Work item: The response should hold every record from the listing that follows, verbatim, and no pictures.

--- Dataset records Enclosed Below ---

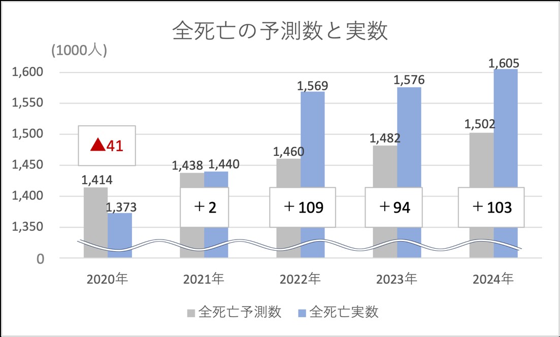 年金の財政検証にも使われる死亡中位推計は、高齢者数が捕捉されて移民のない日本では正確な予測の筈ですが、コロナワクチン以降の死亡数はこれを大きく上回ります。この推計値と比較した超過死亡の累積は2020年から2024年の5年間で266千人、過少死亡の2020年を除いた4年間で307千人となります※(a)。
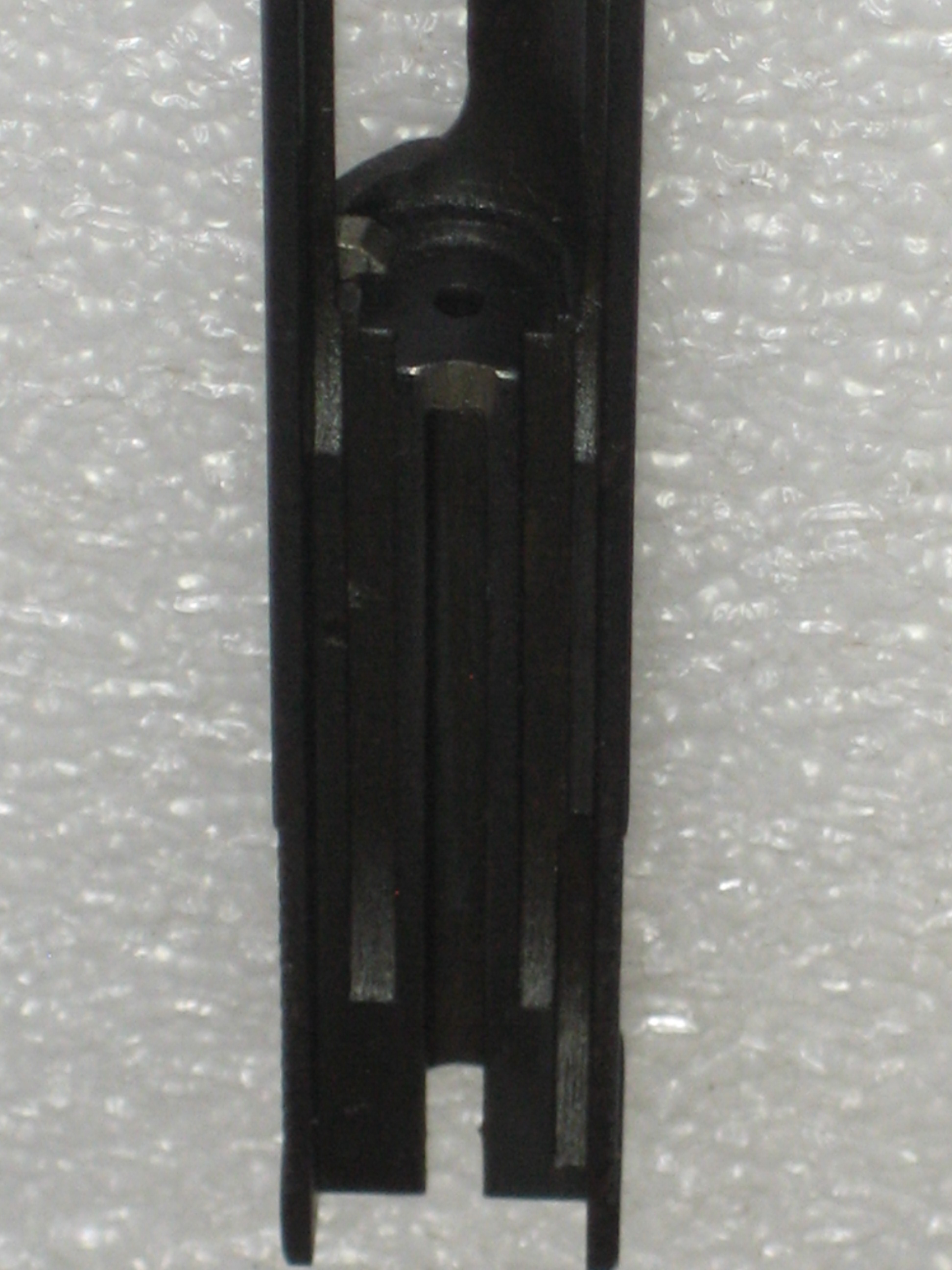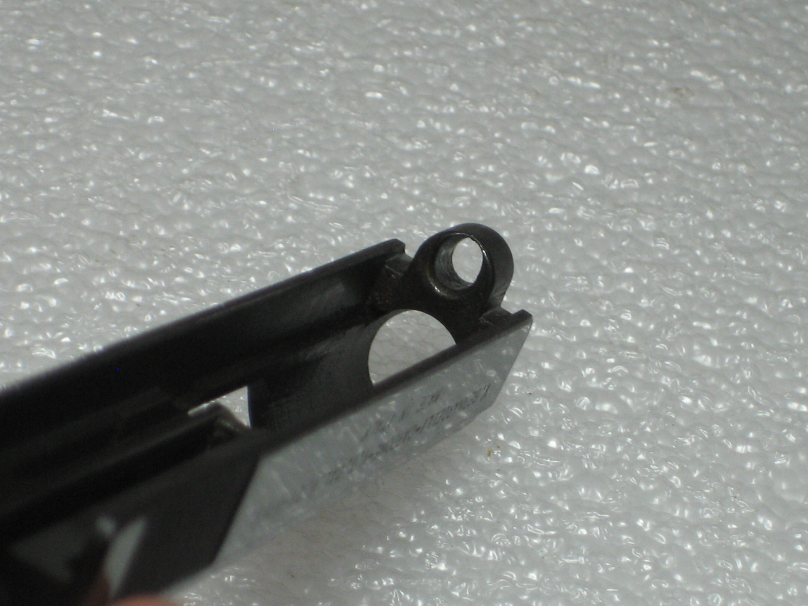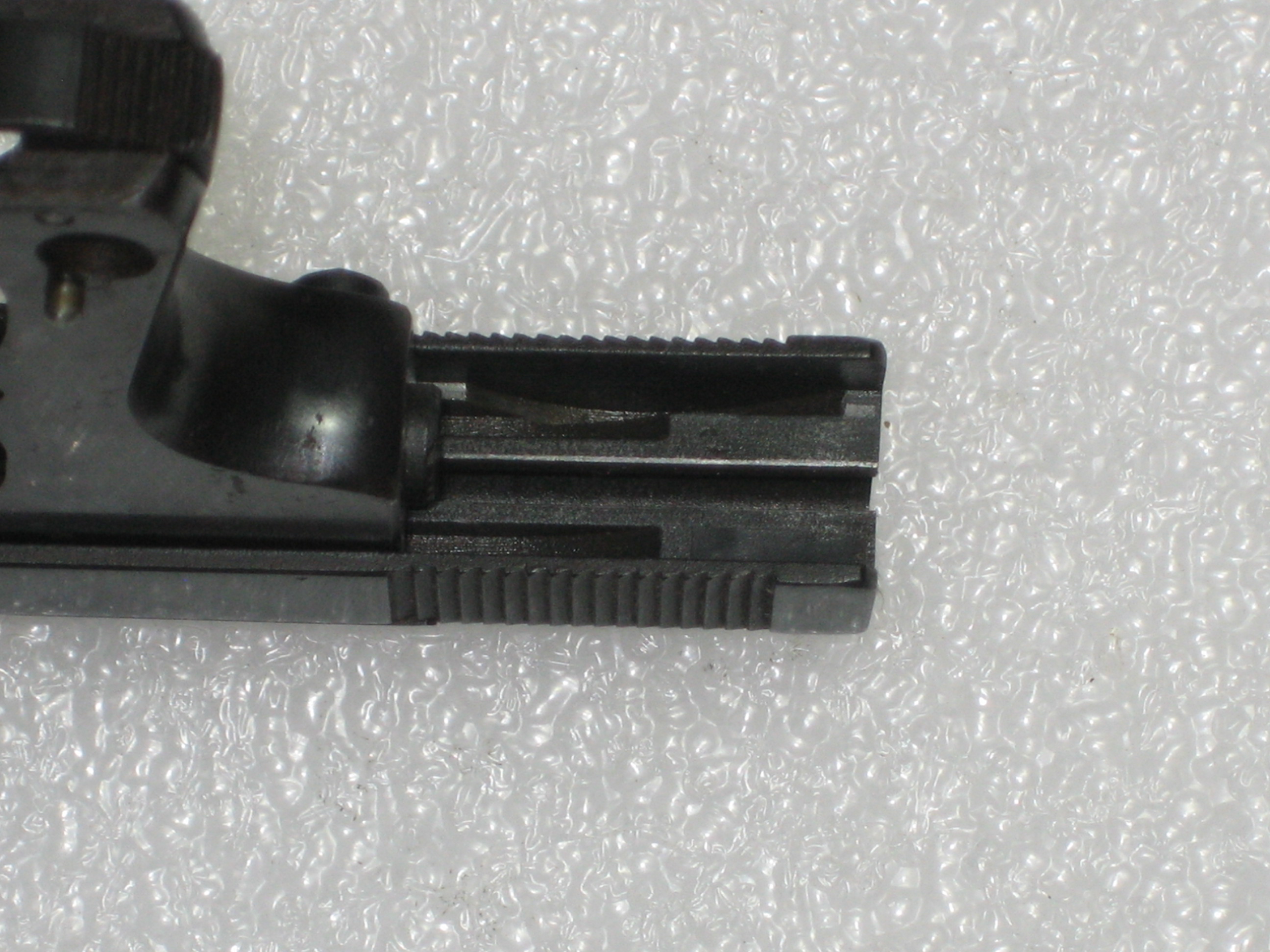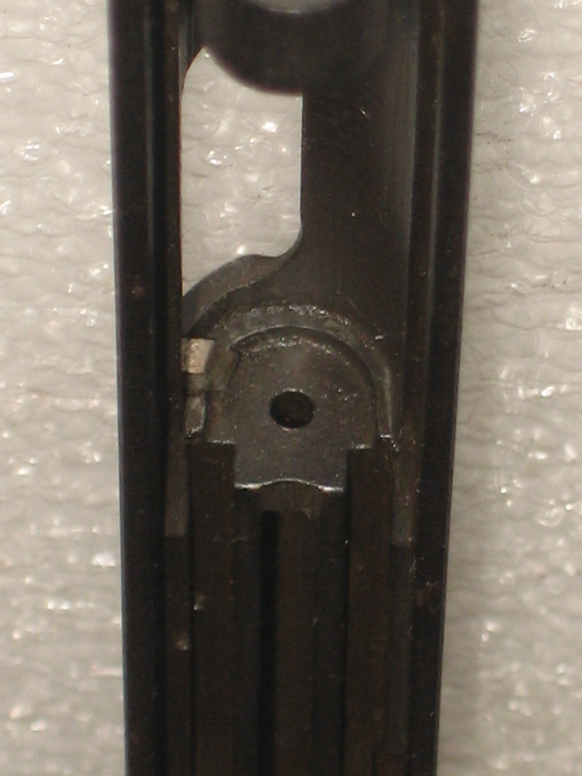 - Repousser à l’intérieur de la culasse le ressort de percuteur. Pour ce faire, vous devez, si le percuteur a été armé lors des manipulations ultérieures, engager un chargeur vide (juste suffisamment pour désengager la sécurité de chargeur de la queue de détente, voir la prochaine photo) et presser la queue de détente (d’où l’intérêt d’avoir vérifié si la chambre est vide) ;
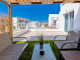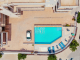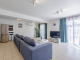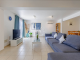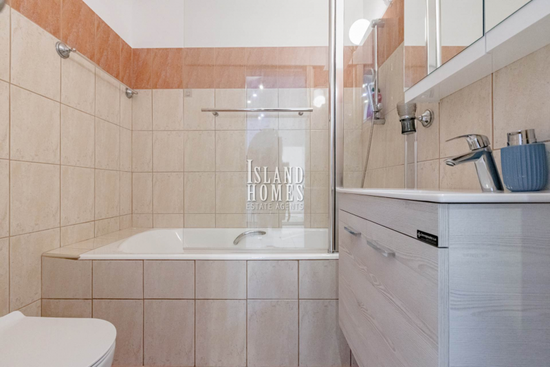 The entrance of this spacious apartment leads into a large, open plan living, dining and kitchen area. The bright kitchen has plentiful worktop and storage space and includes additional seating at the breakfast bar. With patio door access from the living area, this first floor, apartment includes some views of the sea from the 32m2, partially covered, veranda with plenty of space for lounging in the sun as well as dining al fresco. Both bedrooms are double in size and include fully fitted wardrobes. The bathroom includes a bath with over bath shower, WC and sink.
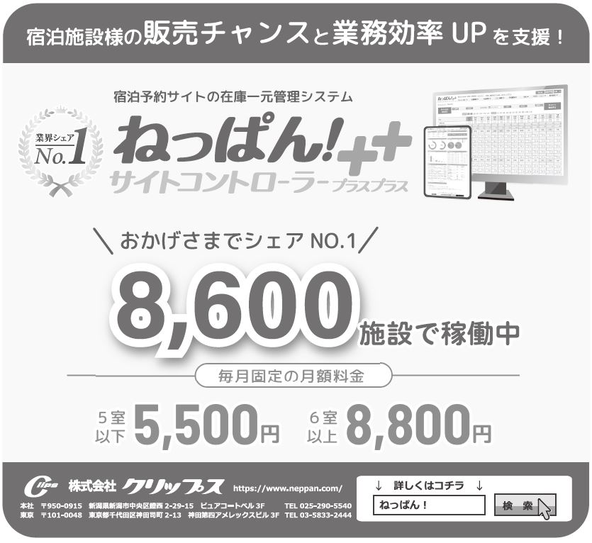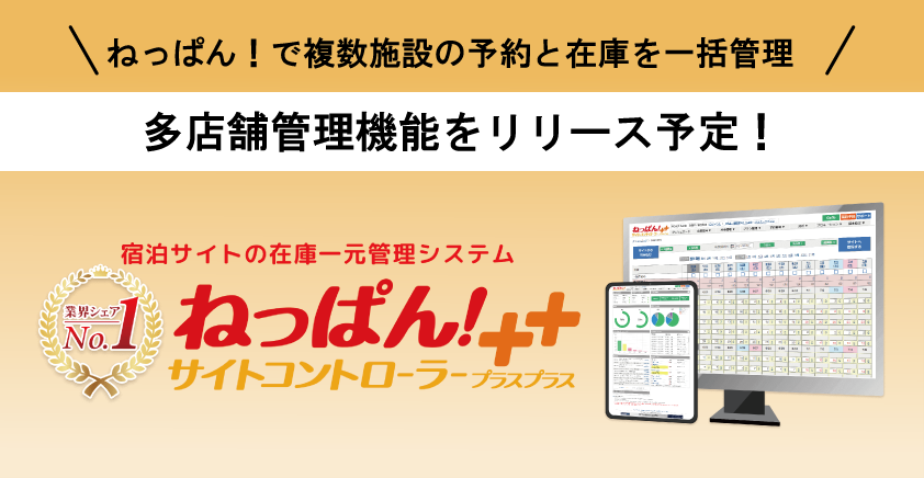 業界でトップシェアというクラウド型のサイトコントローラー「ねっぱん!サイトコントローラー++(プラスプラス)」などのクリップス。その同社ではこのほど、複数施設の予約、在庫を1画面でまとめて管理ができる「多店舗管理機能」を12月にリリースすると発表した。
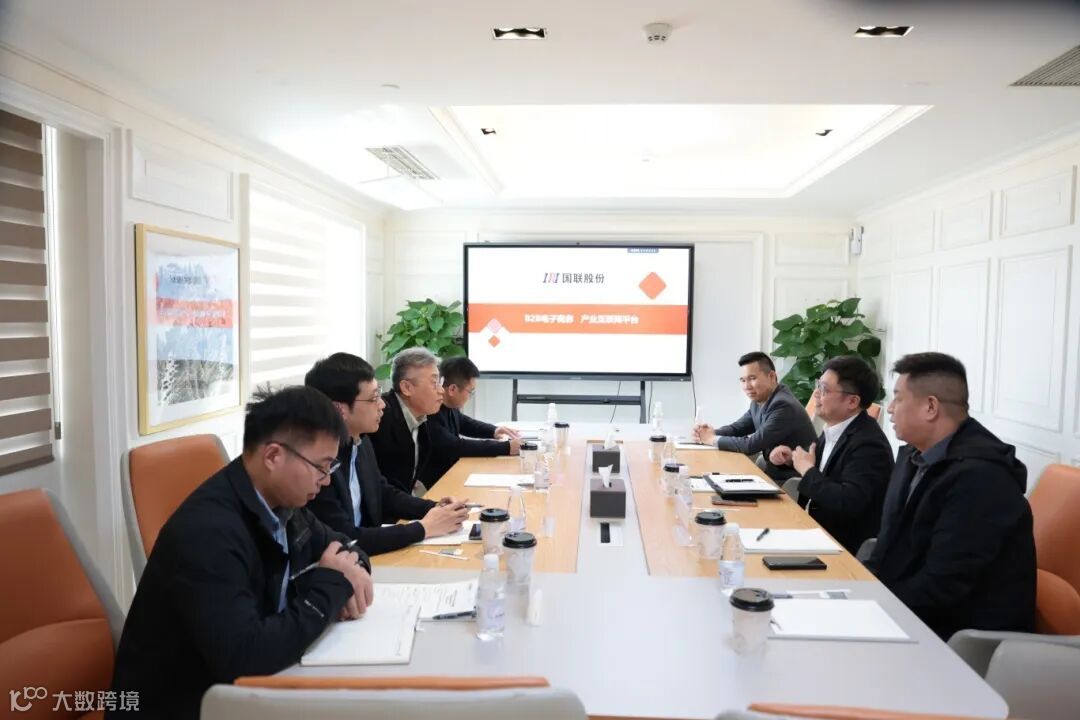 2025年10月13日,中国林产工业协会会长周鸿升、副秘书长刘栋,菏泽通盛集团党委委员、副总经理季保卫,山东通盛数据科技有限公司项目经理马运涛一行莅临国联股份数字经济总部考察交流。国联股份创始人、CEO/总裁钱晓钧,国联股份副总裁、玻多多CEO赵岩,玻多多副总裁何正礼对来访嘉宾予以热情接待,双方围绕林产工业数字化转型、供应链协同升级及产业生态构建等核心议题展开深度探讨。
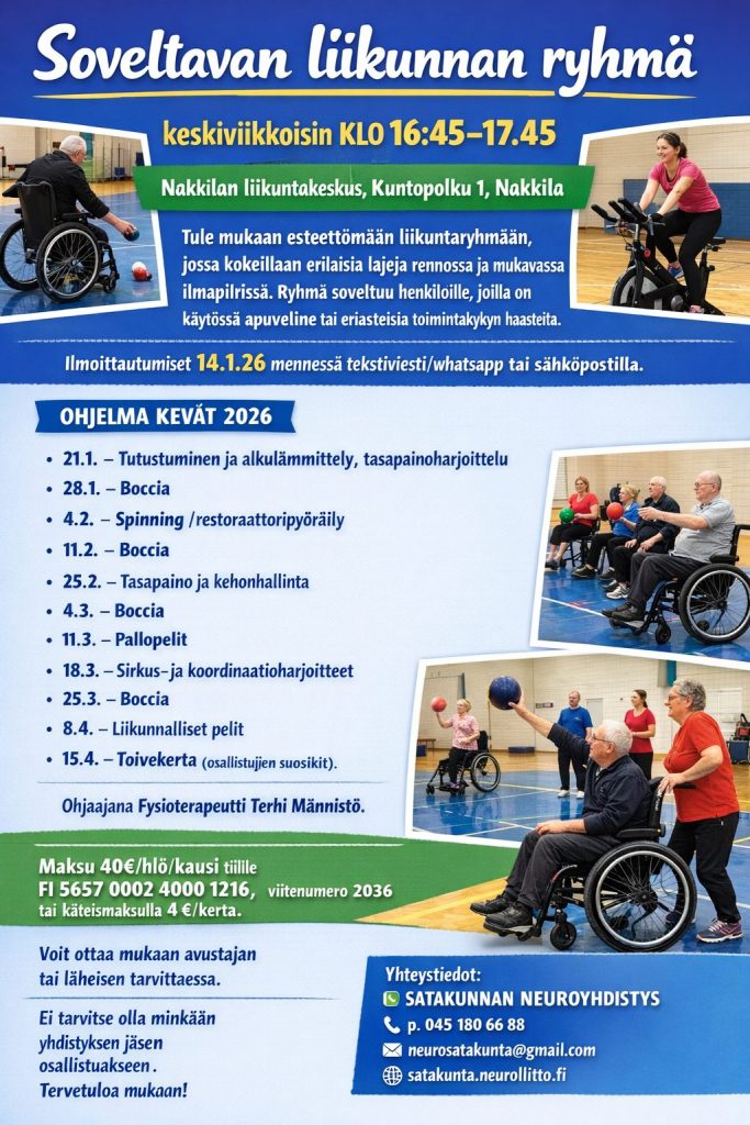 Nakkilan soveltava liikuntaryhmä alkaa 21.1.2026 8.1.2026 Kategoriat: Yleinen Lähde mukaan soveltavan liikunnan ryhmään Nakkilaan, ei tarvitse olla minkään yhdistyksen jäsen osallistuakseen
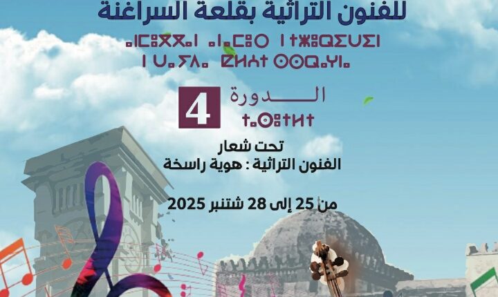 تحت شعار “الفنون التراثية..هوية راسخة” تنظم وزارة الشباب والثقافة والتواصل -قطاع الثقافة- فعاليات الدورة الرابعة للمهرجان الوطني للفنون التراثية بمدينة قلعة السراغنة في الفترة الممتدة ما بين 25 و28 شتنبر 2025. وذلك بشراكة مع عمالة إقليم قلعة السراغنة والمجلس الاقليمي والمجلس الجماعي.
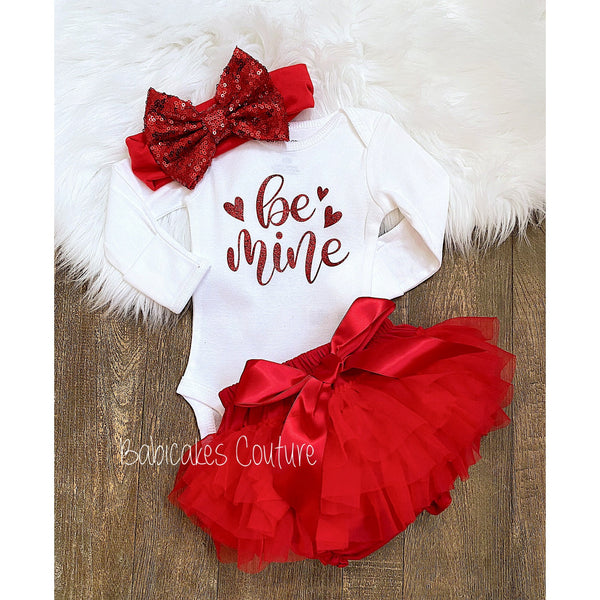- Bodysuit: White bodysuit featuring a red glitter "Be Mine" design with red glitter hearts. Includes a snap-bottom closure for easy changing.
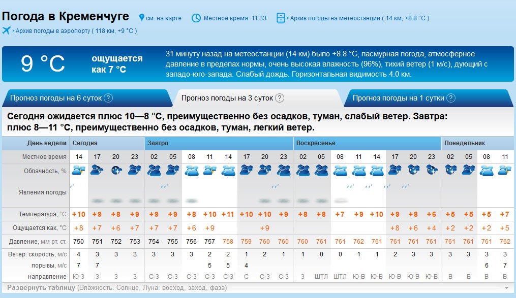 Gismeteo предупреждает кременчужан о небольшом дожде днём субботы, 4 ноября. В воскресенье, 5 ноября, осадков не обещает. Не стоит рассчитывать на температуру воздуха ниже +6ºС и выше +10ºС.
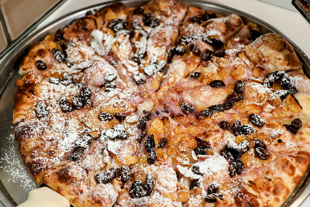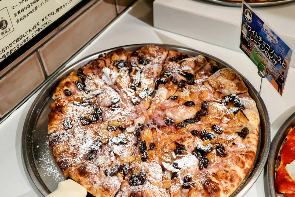 ホワイトチョコソースとレーズンのピザ
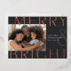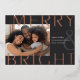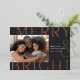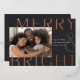 A modern and colourful holiday card featuring a horizontal or landscape-orientated photo with "Merry & Bright" overlaid in oversized rose gold foil lettering. Personalise with your custom holiday greeting, family name, and the year. A chic and modern minimalist choice for your Christmas 2022 cards.
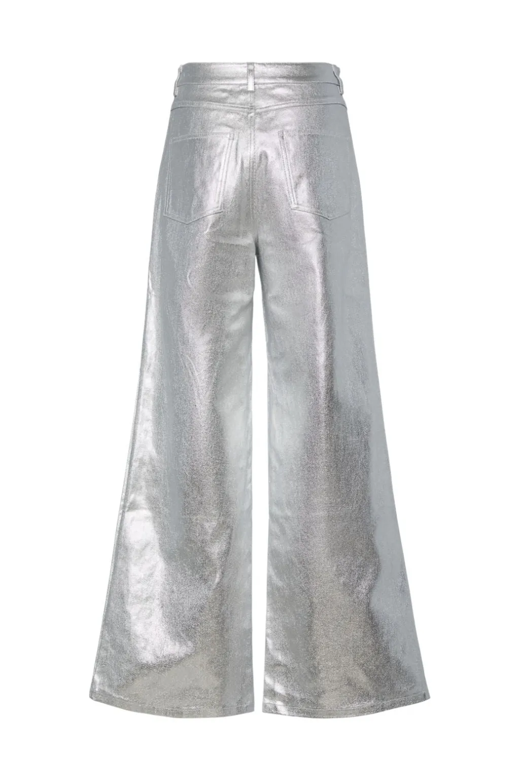 Sølvfarvede bukser fra Pieces med brede ben. Bukserne har en skinnende overflade og en løs pasform, der giver god bevægelsesfrihed.
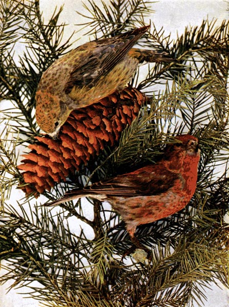 MERICAN CROSSBILLS are notable for their small size, being considered and described as dwarfs of the family. Their food consists exclusively of pine, fir, and larch, which accounts for the fact that they are more numerous in Northern latitudes where these trees abound. When the cones are abundant they visit in great numbers many places where they have not been for years, appearing at irregular intervals, and not confining themselves to particular localities. They are very social even during the nesting season. Their nests are built among the branches of the fir trees, and there they disport themselves gaily, climbing nimbly, and assisting their movements, as parrots do, with their beaks. They will hang downward for minutes clinging to a twig or cone, seeming to enjoy this apparently uncomfortable position. They fly rapidly, but never to a great distance. “The pleasure they experience in the society of their mates is often displayed by fluttering over the tops of the trees as they sing, after which they hover for a time, and then sink slowly to their perch. In the day time they are generally in motion, with the exception of a short time at noon. During the spring, summer and autumn they pass their time in flying from one plantation to another.”

--- End of Enclosed Dataset records ---

Output of the exercise:
 年金の財政検証にも使われる死亡中位推計は、高齢者数が捕捉されて移民のない日本では正確な予測の筈ですが、コロナワクチン以降の死亡数はこれを大きく上回ります。この推計値と比較した超過死亡の累積は2020年から2024年の5年間で266千人、過少死亡の2020年を除いた4年間で307千人となります※(a)。
 - Repousser à l’intérieur de la culasse le ressort de percuteur. Pour ce faire, vous devez, si le percuteur a été armé lors des manipulations ultérieures, engager un chargeur vide (juste suffisamment pour désengager la sécurité de chargeur de la queue de détente, voir la prochaine photo) et presser la queue de détente (d’où l’intérêt d’avoir vérifié si la chambre est vide) ;
 The entrance of this spacious apartment leads into a large, open plan living, dining and kitchen area. The bright kitchen has plentiful worktop and storage space and includes additional seating at the breakfast bar. With patio door access from the living area, this first floor, apartment includes some views of the sea from the 32m2, partially covered, veranda with plenty of space for lounging in the sun as well as dining al fresco. Both bedrooms are double in size and include fully fitted wardrobes. The bathroom includes a bath with over bath shower, WC and sink.
 業界でトップシェアというクラウド型のサイトコントローラー「ねっぱん!サイトコントローラー++(プラスプラス)」などのクリップス。その同社ではこのほど、複数施設の予約、在庫を1画面でまとめて管理ができる「多店舗管理機能」を12月にリリースすると発表した。
 2025年10月13日,中国林产工业协会会长周鸿升、副秘书长刘栋,菏泽通盛集团党委委员、副总经理季保卫,山东通盛数据科技有限公司项目经理马运涛一行莅临国联股份数字经济总部考察交流。国联股份创始人、CEO/总裁钱晓钧,国联股份副总裁、玻多多CEO赵岩,玻多多副总裁何正礼对来访嘉宾予以热情接待,双方围绕林产工业数字化转型、供应链协同升级及产业生态构建等核心议题展开深度探讨。
 Nakkilan soveltava liikuntaryhmä alkaa 21.1.2026 8.1.2026 Kategoriat: Yleinen Lähde mukaan soveltavan liikunnan ryhmään Nakkilaan, ei tarvitse olla minkään yhdistyksen jäsen osallistuakseen
 تحت شعار “الفنون التراثية..هوية راسخة” تنظم وزارة الشباب والثقافة والتواصل -قطاع الثقافة- فعاليات الدورة الرابعة للمهرجان الوطني للفنون التراثية بمدينة قلعة السراغنة في الفترة الممتدة ما بين 25 و28 شتنبر 2025. وذلك بشراكة مع عمالة إقليم قلعة السراغنة والمجلس الاقليمي والمجلس الجماعي.
- Bodysuit: White bodysuit featuring a red glitter "Be Mine" design with red glitter hearts. Includes a snap-bottom closure for easy changing.
 Gismeteo предупреждает кременчужан о небольшом дожде днём субботы, 4 ноября. В воскресенье, 5 ноября, осадков не обещает. Не стоит рассчитывать на температуру воздуха ниже +6ºС и выше +10ºС.
 ホワイトチョコソースとレーズンのピザ
 A modern and colourful holiday card featuring a horizontal or landscape-orientated photo with "Merry & Bright" overlaid in oversized rose gold foil lettering. Personalise with your custom holiday greeting, family name, and the year. A chic and modern minimalist choice for your Christmas 2022 cards.
 Sølvfarvede bukser fra Pieces med brede ben. Bukserne har en skinnende overflade og en løs pasform, der giver god bevægelsesfrihed.
 MERICAN CROSSBILLS are notable for their small size, being considered and described as dwarfs of the family. Their food consists exclusively of pine, fir, and larch, which accounts for the fact that they are more numerous in Northern latitudes where these trees abound. When the cones are abundant they visit in great numbers many places where they have not been for years, appearing at irregular intervals, and not confining themselves to particular localities. They are very social even during the nesting season. Their nests are built among the branches of the fir trees, and there they disport themselves gaily, climbing nimbly, and assisting their movements, as parrots do, with their beaks. They will hang downward for minutes clinging to a twig or cone, seeming to enjoy this apparently uncomfortable position. They fly rapidly, but never to a great distance. “The pleasure they experience in the society of their mates is often displayed by fluttering over the tops of the trees as they sing, after which they hover for a time, and then sink slowly to their perch. In the day time they are generally in motion, with the exception of a short time at noon. During the spring, summer and autumn they pass their time in flying from one plantation to another.”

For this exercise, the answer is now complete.